Wednesday, June 26, 2013

A fast look at the Voting Rights ruling

While Congress is stalled (for the foreseeable future), the Supreme Court chugs on through its roster of important cases. It's probably good that two branches of government can still function. However, I don't think I'll be giving out accolades to the justices.

Yesterday, in a 5-4 vote along party lines (which weren't supposed to exist in the judiciary), the Supreme Court removed a provision of the Voting Rights Act that required Department of Justice review and approval of changes to voter law in areas with pervasive voter discrimination 50 years ago. It's easy to imagine that the law is outdated, and these places have taken the lesson to heart, changed their ways, and don't need the supervision anymore... after nearly 50 years of it.

Maybe these places, mostly in the South, have accepted the lesson that voting should be equally accessible to all citizen. However, looking at the whole country, the actual circumstances are different.

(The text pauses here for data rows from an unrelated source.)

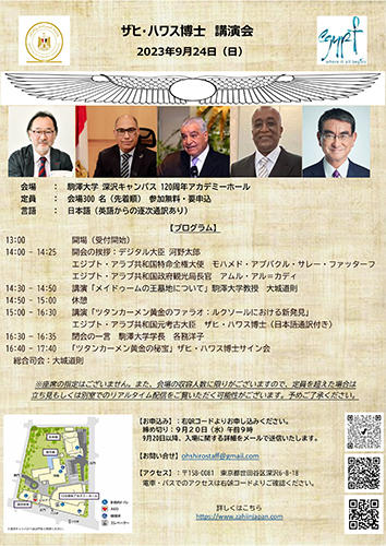 9月24日(日)、駒澤大学深沢120周年記念アカデミーホールにおきまして、元エジプト考古大臣のザヒ・ハワス博士の来日記念講演を開催します。
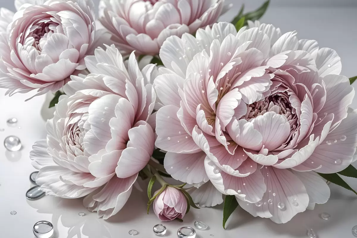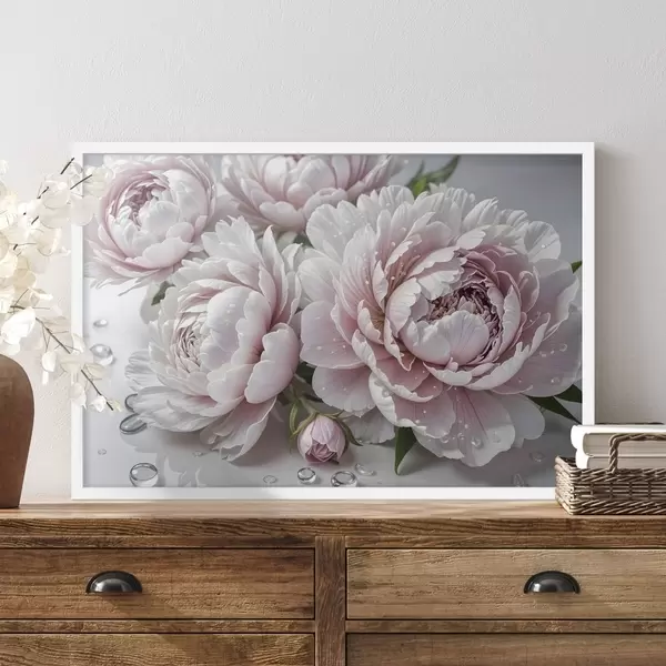 Plakatas Šviesiai rausvi ir balti bijūnai su vandens lašeliais ant žiedlapių, fonas - baltas paviršius f43158
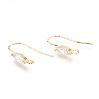 Brass Earring Hook, Ear Wire, with Horizontal Loop, Cubic Zirconia, Horse Eye, Clear, 18K Gold Plating. (Packed per pair)
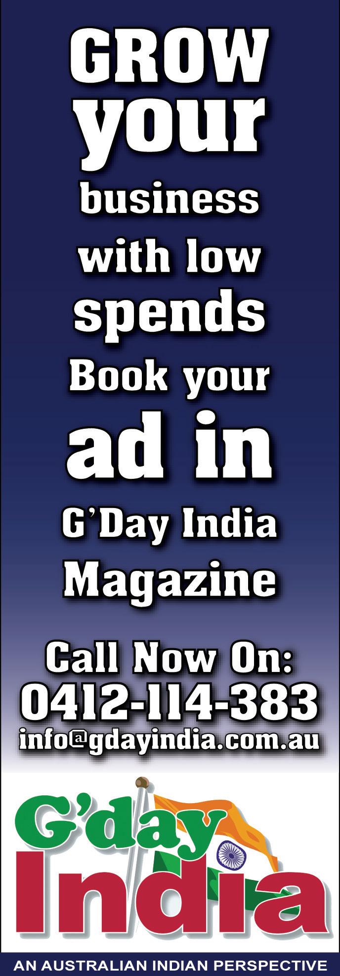 Opinions published in G’Day India are not necessarily endorsed by the publisher. No advertising design or material is to be reproduced without the written consent of the editor. All copyrights reserved to G’Day India. Articles, pictures, photographs and advertisements accepted by G’Day India Pty Ltd are on the understanding that the supplier of such materials has obtained all the relevant copyrights, permissions and grants permission to G’Day India Pty Ltd to publish them. Any liability arising from failure to obtain such permission lies entirely and exclusively with the supplier. Qualities of products and services advertised in G’Day India are not guaranteed by G’Day India Pty Ltd. NEWS
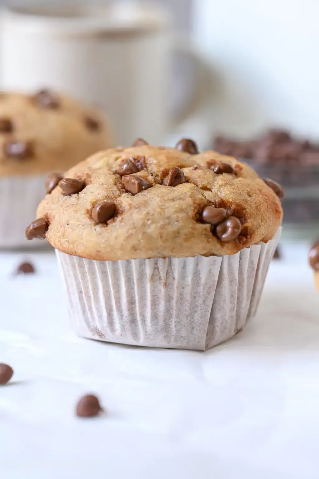 Fill each muffin liner about ⅔ full. Sprinkle extra chocolate chips on top if desired. Bake for 20–25 minutes until a toothpick inserted in the center comes out clean.
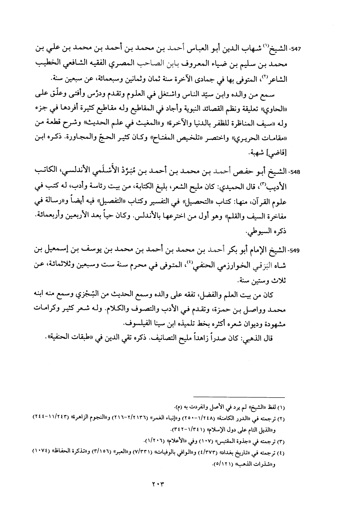 547 - الشيخ (¬1) شهاب الدين أبو العباس أحمد بن محمد بن أحمد بن محمد بن علي بن محمد بن سليم بن ضياء المعروف بابن الصاحب المصري الفقيه الشافعي الخطيب الشاعر (¬2)، المتوفى بها في جمادى الآخرة سنة ثمان وثمانين وسبعمائة، عن سبعين سنة.
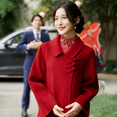 过年红色双面羊绒大衣女短款秋冬新款系带修身显瘦立领羊毛呢外套
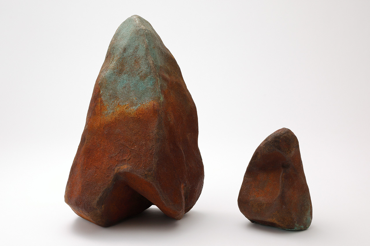 2022年 その他 Transfer/Stone Ⅲ 楮、石州和紙、鉄粉、砂鉄(折居海岸)、銅粉、柿渋、膠、澱粉糊、錆漆、漆 33×30×44.4㎝、15×15×27㎝ ¥297,000(2点セット) 伊藤 咲穂 イトウ サクホ 山梨県 表示価格はすべて税込です。
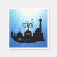 Black silhouette of a mosque on a blue sky with sun and sunrays, greetings and wishes for Eid.
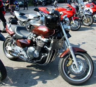 Sitten Tassa tulee se HONDA X4 joka oli tosi hyvannakoinen peli. Me tuotiin niita kai 5-10 kpl mutta se kai loppui siihen kun runkonumerot pitivat olla 17 numeroisina. Pyorat olivat kuristettuja 100 hevosvoimiin, Japanin malleja ja Dieter Konemannilta saatiin ohjeet miten ohittaa se kuristus.

Republican legislatures all over the country are trying to make it harder to access voting. They pretend that voter fraud is rampant, and that's their excuse for passing ID laws that they hope, secretly in their hearts, will reduce voting among minority, poor [i.e. Democratic] voters. They don't actually take measure to prevent the only pervasive form of voter fraud, which is the pooling of absentee ballots in the hands of professional vote wranglers.

The hope that political groups won't tamper with voting to suppress certain folks hasn't been fulfilled yet. For that reason, the ruling of the Supreme Court is premature, even after 50 years of oversight.

Luckily, we will still have citizen and media oversight. Suppression efforts are occurring, and will continue to occur, and will hopefully backfire as they did in 2012. Keep watching, keep reporting, keep embarrassing the schemers, the hacks, the operatives, the spin-shysters. All the tools to do that and to disseminate the information are available, thank God and the internet.

If I can repeat my motto for this year: Whatever you try to hide, it ain't going to stay hidden. Everybody, please make it so.

Fraud, or fair exercise?
Image: mfs-theothernews.com

Extra. I considered the possibility that monitoring isn't necessary anymore, but the posts about this ruling didn't support that: Pro-ruling, current tricks, even an enumerated list (probably incomplete).